■ ABOUT THIS EXERCISE
Would you repeat exactly the part of the listing below that runs from the line containing "ゴムひもでストレッチします。 幅約8mmのスカルビーズ ユニークで個性的なアイテムです" down to the line containing "12:00⏩会友春:必吃‼️", inclusive, and nothing else?

■ DATASET EXTRACT
------

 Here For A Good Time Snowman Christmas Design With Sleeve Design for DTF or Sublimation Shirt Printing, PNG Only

------

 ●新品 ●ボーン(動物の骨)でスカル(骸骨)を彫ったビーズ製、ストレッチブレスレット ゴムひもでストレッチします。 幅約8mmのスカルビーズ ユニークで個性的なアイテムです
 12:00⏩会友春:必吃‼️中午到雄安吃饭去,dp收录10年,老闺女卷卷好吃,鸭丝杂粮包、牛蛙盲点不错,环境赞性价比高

------

■ ANSWER AREA
 ●新品 ●ボーン(動物の骨)でスカル(骸骨)を彫ったビーズ製、ストレッチブレスレット ゴムひもでストレッチします。 幅約8mmのスカルビーズ ユニークで個性的なアイテムです
 12:00⏩会友春:必吃‼️中午到雄安吃饭去,dp收录10年,老闺女卷卷好吃,鸭丝杂粮包、牛蛙盲点不错,环境赞性价比高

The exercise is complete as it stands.